Azkaban jest miejscem, które zabija. Najpierw tracisz miłe wspomnienia i uświadamiasz sobie, jak bardzo jesteś nieszczęśliwy. Zatapiasz się w myślach nad beznadzieją własnej egzystencji. O tym, co w życiu ci wyszło, a co nie. I z rozpaczą odkrywasz, że nic nie osiągnąłeś.
Obecnie jesteś w Azkabanie. Nikt cię nie odwiedza. Nie masz rodziny, przyjaciół, nikomu w życiu nie pomogłeś. Cały czas zabijałeś i krzywdziłeś. Powoli dochodzisz do wniosku, że w pełni zasługujesz na pobyt w więzieniu, do czego na wolności nigdy byś się nie przyznał. Do głosu dochodzi twoje sumienie, choć myślałeś, że dawno umarło i które przeklinasz za samo istnienie. Potem tracisz poczucie czasu, czego nawet nie zauważasz. Przestajesz myśleć. Wegetujesz, aż w końcu przestajesz odróżniać noc od dnia. Przestajesz czuć. Wiesz tylko, że nie ma nic, co miałoby dla ciebie jakikolwiek sens.
Tak umiera twój umysł. W pewnym momencie tracisz panowanie nad własnym ciałem, które jakby sterowane przez lalkarza-sadystę obija się o wszelkie możliwe powierzchnie. Krzyki same wychodzą z gardła. Twoje ciało szarpie kraty i przechodzących strażników. Wali głową o ścianę, łamie ręce i nogi. Ale ty nie czujesz bólu. Kończyny twojego ciała są powykręcane pod dziwnymi kątami, a ciebie to nie obchodzi. Pozwalasz mu na to. I tak nie jesteś w stanie znów nim zawładnąć.

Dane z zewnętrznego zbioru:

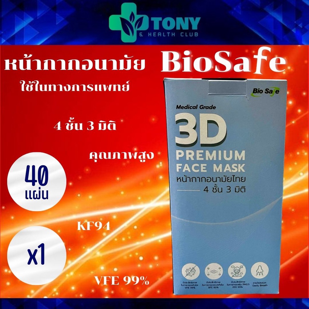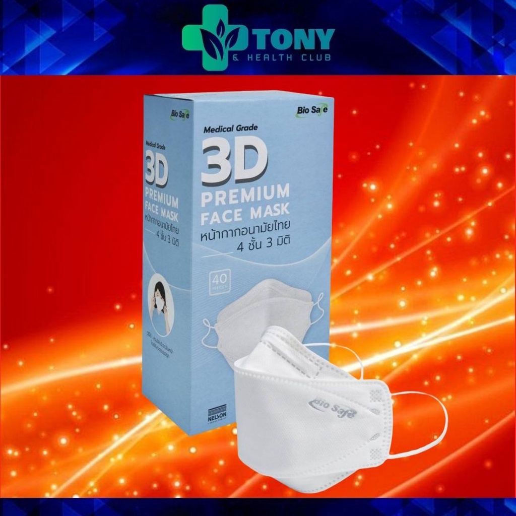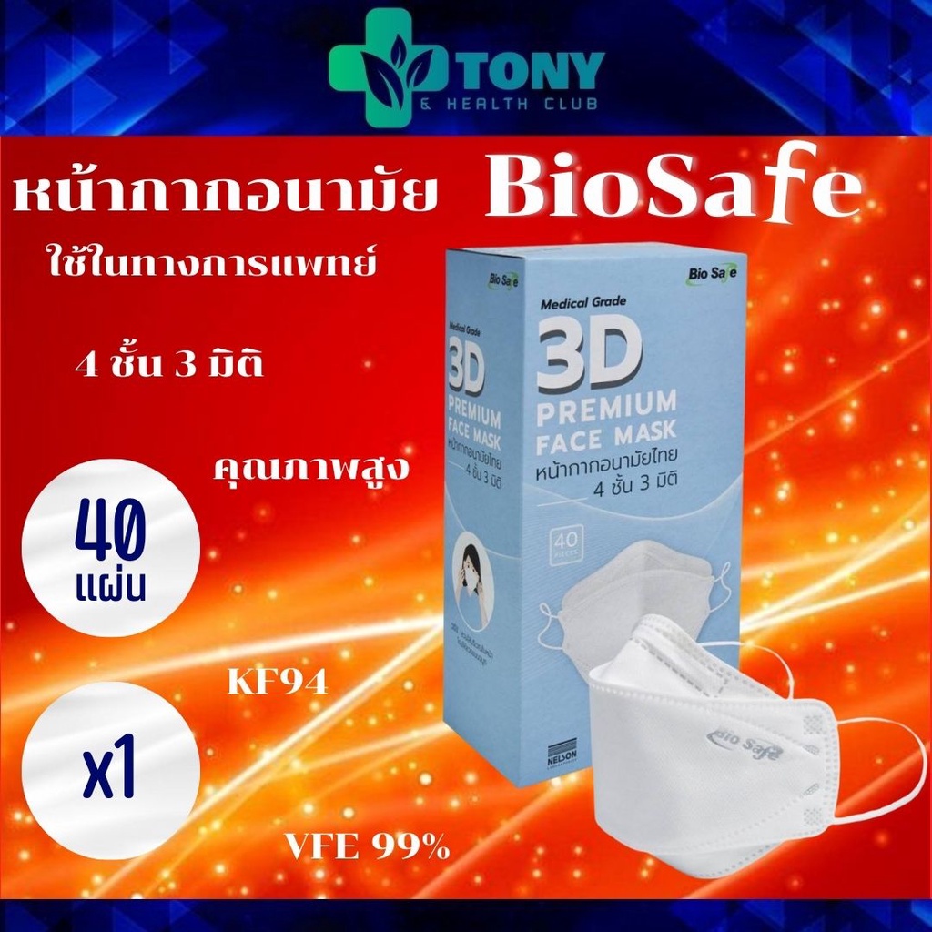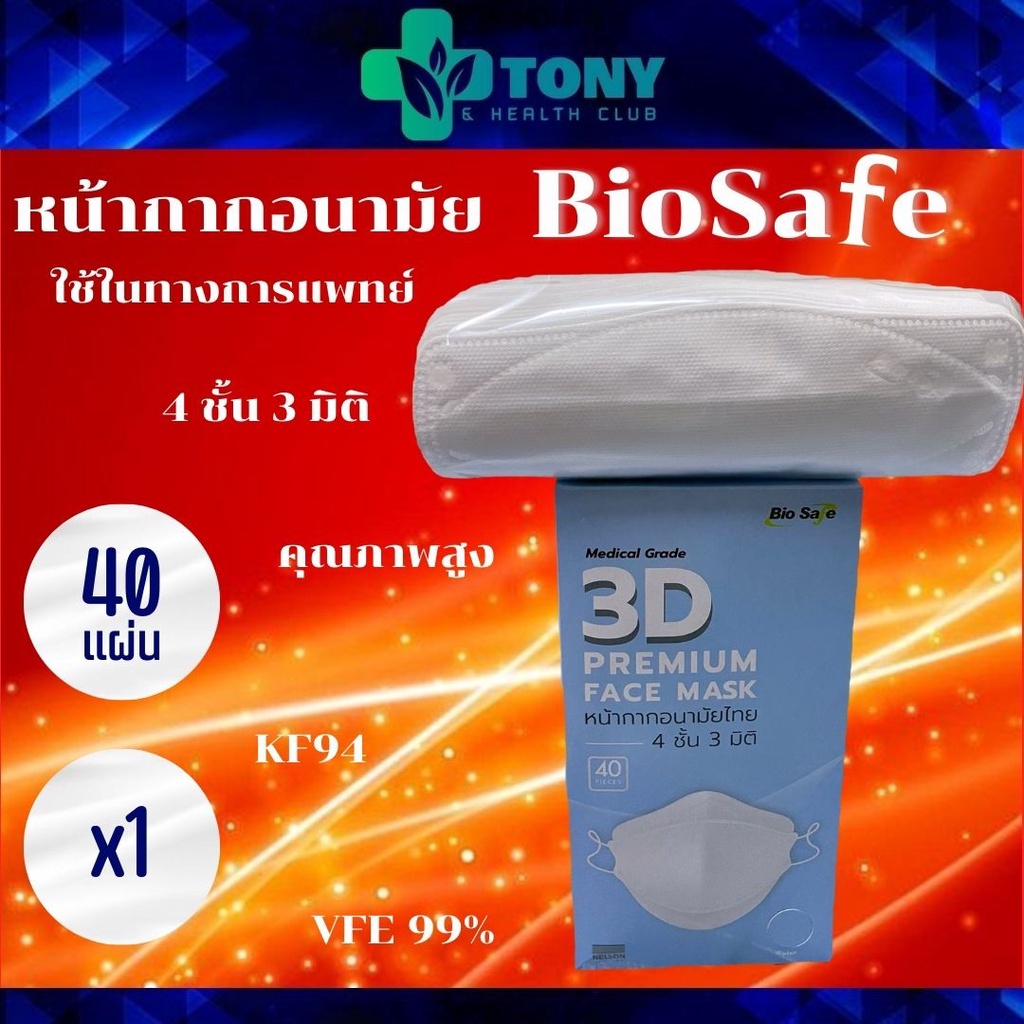 แมส หน้ากากอนามัย ไบโอเซฟ สีขาว Bio Safe 3D Face Mask Medical Grade (White) หน้ากากอนามัยไทย 4 ชั้น 3 มิติ KF94 1กล่อง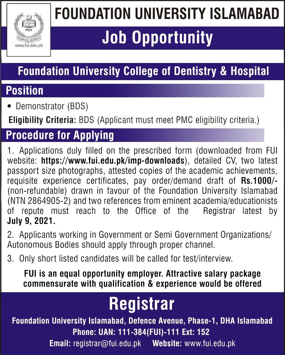 FU - Foundation University Islamabad Jobs, Management Position July 2021
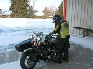 So there we were, the first day of 2009, standing in the dealership's snow packed icy parking lot launching the new sidecar owner and his "mechanic" on one frosty (frost bitten?) ride.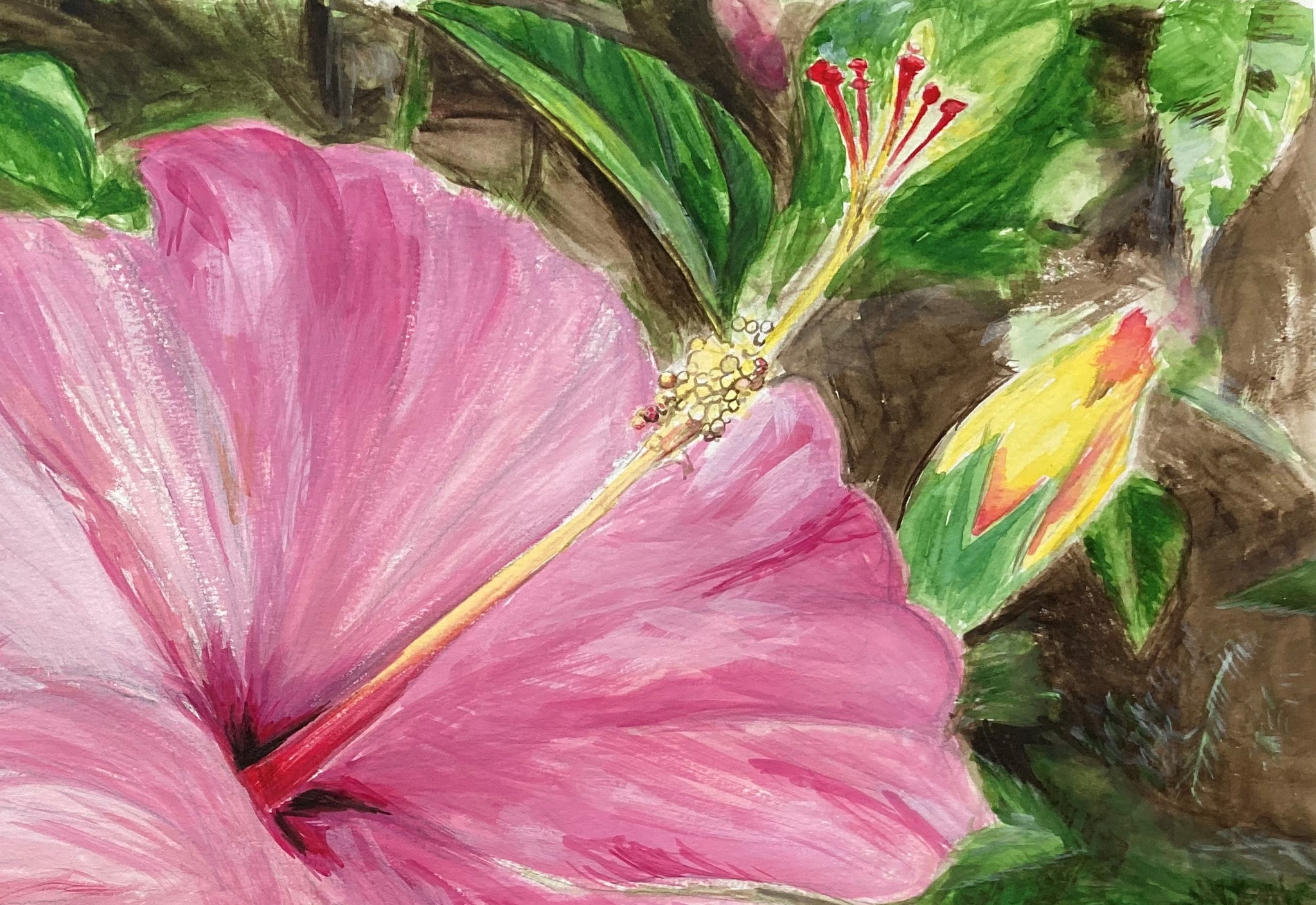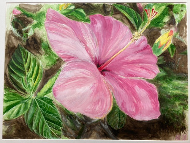 Pink Hibiscus watercolor - Original Watercolor 18x24 or Fine Art Prints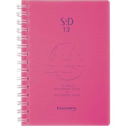 Semainier poche SAD 13W Linicolor Sept 2023/déc 2024 Exacompta Coloris : Rose Couverture coloris : Rose Épaisseur : 13 mm Imprim’Vert : oui Largeur : 95 mm Longueur : 130 mm Mise en page agenda : 1 semaine sur 2 pages Nb de pages : 160 Papier coloris : Beige Période d'utilisation : Septembredécembre Poids : 75 g Sans COV : oui Sélection télétravail : oui Type de reliure : À spirale Agenda de poche SAD 13W Linicolor 9 x 13 cm Semainier Septembre 2023 à Décembre 2024 16 mois. L'incontournable translucide. La semaine sur 2 pages à la verticale, vision de la semaine d'un seul coup d'oeil, large amplitude horaire du lundi au vendredi (7h à 22h), espaces de notes pour le samedi et le dimanche. Edition multilingue. Couverture en polypro translucide rainé, spirale extérieure pour une ouverture pratique à plat et à 360 degrés. Les plus : impression en bleu et gris sur papier ivoire Clairefontaine, reconnu pour sa qualité et pour permettre une écriture douce et fluide coins détachables, pour pouvoir accéder rapidement au jour en cours indication du numéro de semaine pour se repérer plus facilement. Pages spécifiques : vacances scolaires un planning de l'année en cours et celui de l'année suivante les fêtes à souhaiter. Semainier poche SAD 13W Linicolor, Couverture coloris: Rose, Mise en page agenda: 1 semaine sur 2 pages, Période d'utilisation: Septembredécembre, Type de reliure: À spirale, Largeur: 95 mm, Coloris: Rose, Épaisseur: 13 mm, Longueur: 130 mm, Nb de pages: 160, Papier coloris: Beige, Poids: 75 g, Imprim’Vert: oui, Sans COV: oui, Sélection télétravail: oui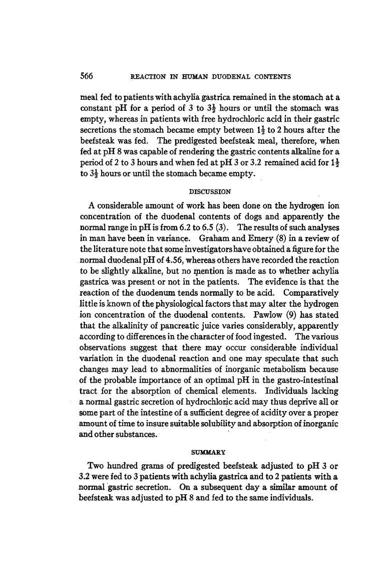 THE REACTION OF HUMAN DUODENAL CONTENTS TO ACID AND ALKALINE MEAT MIXTURES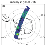 Figure 1 shows an example case of geolocated ERA5 snowfall rate (2 January 2020, 18:00 UTC) in comparison to the corresponding simulated WIVERN and CloudSat retrievals. Despite its sparse sampling within its 800 km swath, the WIVERN footprint samples all 0.25° grid points within the swath, with an obvious benefit compared with the CloudSat nadir observations.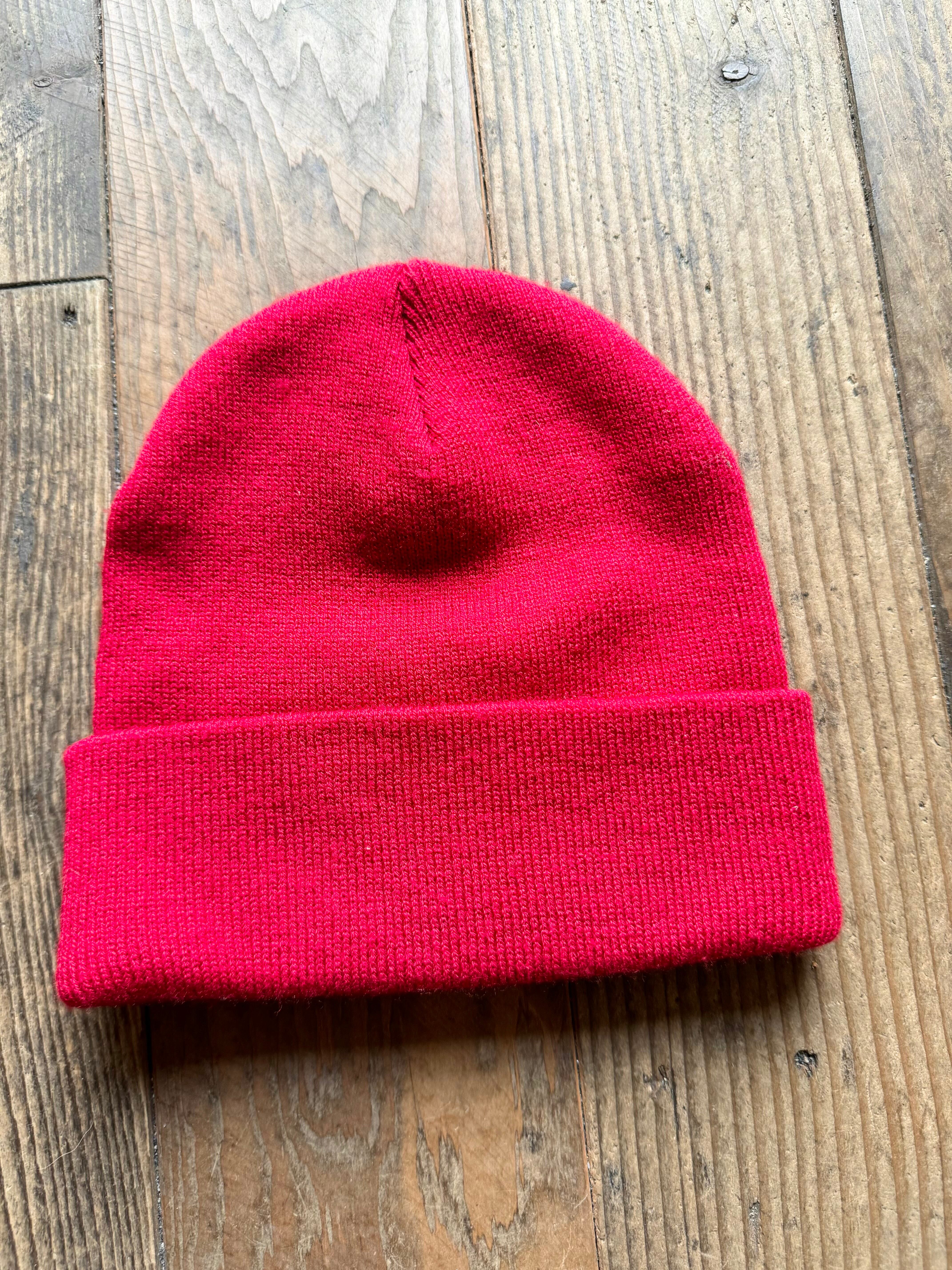 こちらはビビッドなレッドカラーに企業のようなブランドロゴデザインのワッペンがアクセントになっています。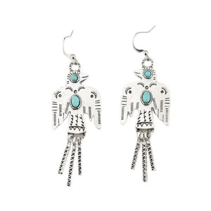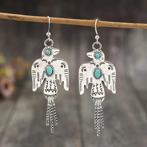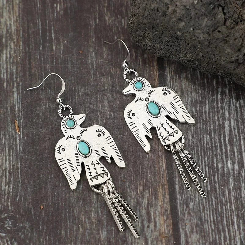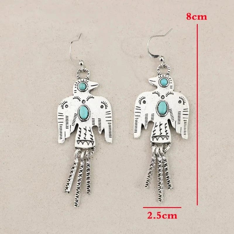 Ge din look en känsla av sydvästlig mystik och bohemisk frihet med dessa unika örhängen i form av den mytiska Thunderbird-fågeln. Med gnistrande turkosa stenar blir de snabbt en statement-accessoar som lyfter varje outfit.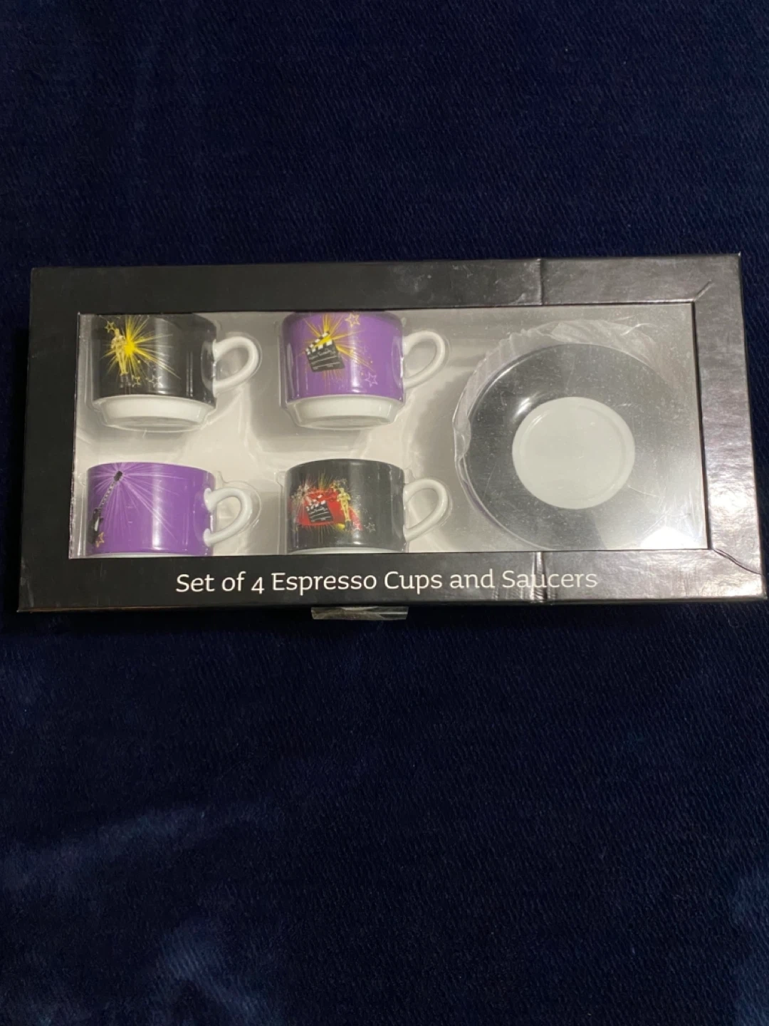 Selling a set of Madame Tussauds espresso cups and saucers! The set includes four espresso cups with different designs and matching saucers. Never used. Comes in the original box! Open to offers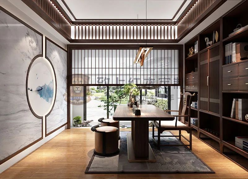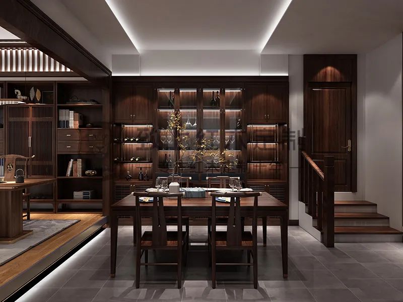 以現(xiàn)代中式風(fēng)格桌椅為主場景,以樣式獨(dú)特精致的通頂柜作為收納茶具茶葉、書籍藏品的所在,三五知己、親朋好友,在這里有悅目娛心的樂趣,也有寧靜致遠(yuǎn)的格局。

Nazywają cię szaleńcem. Nic bardziej mylnego. To twoje ciało jest szalone. Twój umysł zasnął.
I tylko jeżeli masz szczęście, w tunelu pojawia się światełko. Głos, który każe ci ożyć. Uspokaja twoje ciało, łagodzi ból duszy, którego wcześniej nie czułeś, bo można powiedzieć, że nie żyłeś. Jesteś wściekły, ale z czasem zauważasz, że wracasz. I zaczynasz być wdzięczny. Ktoś pozwala ci zacząć od nowa.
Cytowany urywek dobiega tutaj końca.